Experiential learning: company visits, job shadowing, simulations, projects based on real problems, meetings with professionals, internships, mentoring and alumni networks. In this way, career information stops being abstract.
Work with parents and significant adults. Pupils rarely make choices alone. Family, teachers and the community have a strong influence. A good service includes them too — not as people who decide instead of the young person, but as a supportive environment.
Integration of career guidance with skills validation, micro-credentials, individual learning accounts and adult learning services. This is especially important for people who have experience but do not always have a document proving it.
Ethical digitalisation. Platforms and AI tools can expand access, but they must be transparent, secure and verified. They cannot replace human support, especially for vulnerable users or in decisions with long-term consequences.
The Future of Career Guidance
The framework outlines a clear direction: career guidance will become more systemic, more digital and more strongly focused on transitions throughout life. It will not only be support for making choices. It will be support for adaptability, learning, resilience and participation in society.
For career counsellors, this means several changes.
- They will need to work even more actively with information about skills and the labour market.
- They will need to understand digital tools and artificial intelligence, but also be able to explain their limitations.
- They will need to work with much more diverse groups — from pupils to people in late career.

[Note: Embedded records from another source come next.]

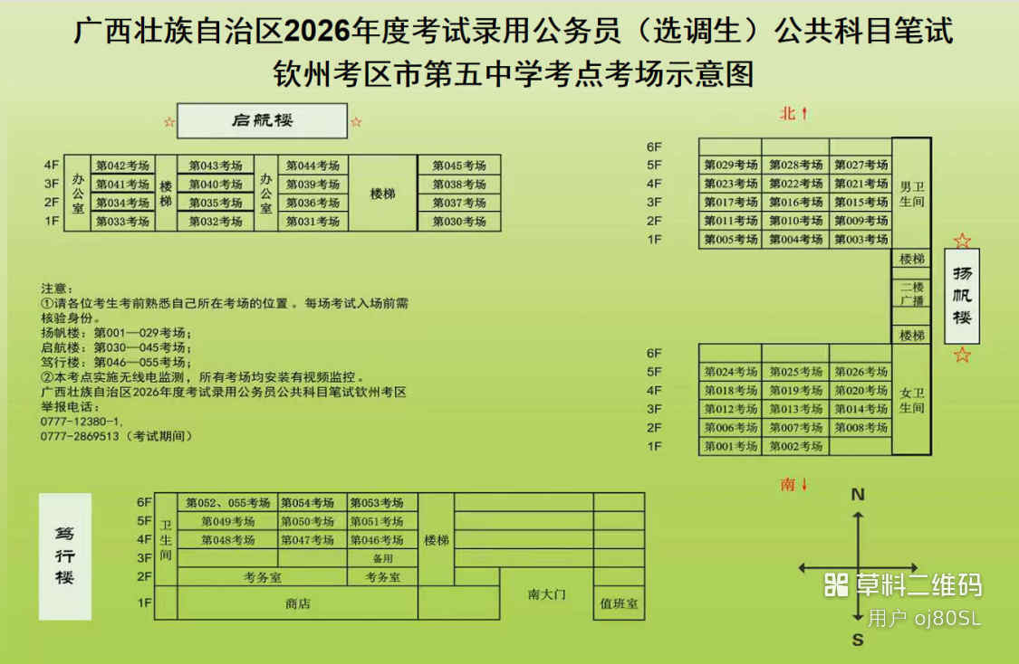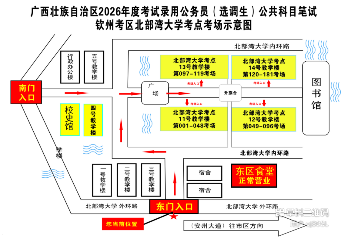 欽州考區(qū)共設(shè)三個(gè)考點(diǎn),分別為北部灣大學(xué)考點(diǎn)、北部灣職業(yè)技術(shù)學(xué)校考點(diǎn)、欽州市第五中學(xué)考點(diǎn)。(考點(diǎn)地址和具體考場(chǎng)安排請(qǐng)掃附后的二維碼查看)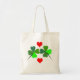 Two digitally created shamrocks in various shades of green facing each other over two red hearts.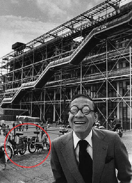 这张照片是1989年,贝聿铭在巴黎蓬皮杜博物馆外拍的。大师身后,竟然有两辆电动自行车?难道是我眼瘸了。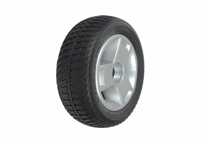 This complete wheel assembly includes a 8” X 2.50” flat-free black tire, and stylish silver tri-spoke rim.

- They will need to demonstrate the effect of their work through feedback, results and follow-up.
- The most important change, however, is different. The counsellor will increasingly be less of a person who knows the answer and more of a specialist who helps clients build the capacity to navigate and adapt in conditions of uncertainty. This requires facilitation skills, data literacy, ethical sensitivity, understanding of education and employment systems, and the ability to work in partnership.
For policy experts, the framework outlines a concrete agenda:
- reviewing the existing system: which institutions provide guidance, for which groups, with what standards, with what specialists, with what funding and with what results;
- creating a shared vision that connects education, vocational training, higher education, employment, social support and digitalisation;
- introducing or updating quality standards and professional competence standards;
- investing in specialists and tools;
- building a system for data, monitoring and evaluation.
Here are several specific steps that policy experts can plan:
- a national framework for career management skills by age stage and context;
- minimum quality standards for services in schools, universities, employment offices and adult learning centres;
- requirements for qualification and continuing training of career specialists;
- integrated digital portals with reliable information about professions, skills, training and qualifications;
- access mechanisms for vulnerable groups, including mobile and community-based services;
- sustainable funding linked to quality, access and results;
- regular collection of data on use, satisfaction and long-term impact.
The new European framework does not provide a ready-made recipe for every country. Instead, it offers a common language and a shared logic through which each system can see where it stands and where it needs to develop. Its strongest message is that career guidance is not a peripheral service, but a mechanism that helps people, institutions and societies cope with constant change.
Good career guidance in the future will not be measured by whether it helped someone choose a suitable profession. It will be measured by whether it enabled them to develop the confidence, awareness and skills to make meaningful choices repeatedly — at school, at university, in the workplace, during a crisis, during reskilling and at every next transition.